Они поднялись на гребень и сфотографировали мёртвый лес со стороны солнца, затем нанесли его на карту.
Когда сели обедать возле родника, бившего из скалы, Эллочка заставила Витальку тщательно вымыть руки. Оба были так голодны, что съели с сухарями две банки консервов. Огонь разводить не стали. Покормив собаку и немного отдохнув, двинулись дальше.

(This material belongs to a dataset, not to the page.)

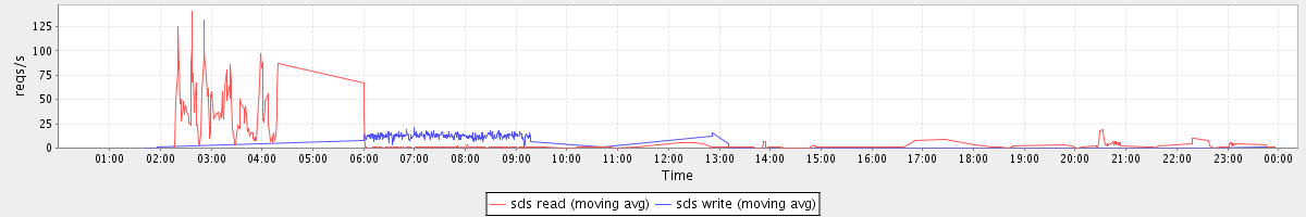 avg(sda read) = 1.21 avg(sda write) = 4.31

Эллочка шла удивительно легко. Эта рослая стройная девушка всё больше и больше нравилась Витальке. Она не молола зря языком, не пыталась Витальке навязать свою волю. Сразу и без слов согласилась, что в экспедиции вокруг озера главный – Виталька, и с готовностью выполняла всё, о чём бы он её ни попросил.
Когда она уставала, то откидывала красно-золотистые волосы с загорелого лба и улыбалась Витальке так хорошо, что и он не мог не улыбнуться в ответ.
Она была очень красива, хотя нос её облупился на солнце, губы потрескались, а волосы походили на копну соломы после бури. Где-то она потеряла свою вязаную шапочку и теперь ходила с непокрытой головой.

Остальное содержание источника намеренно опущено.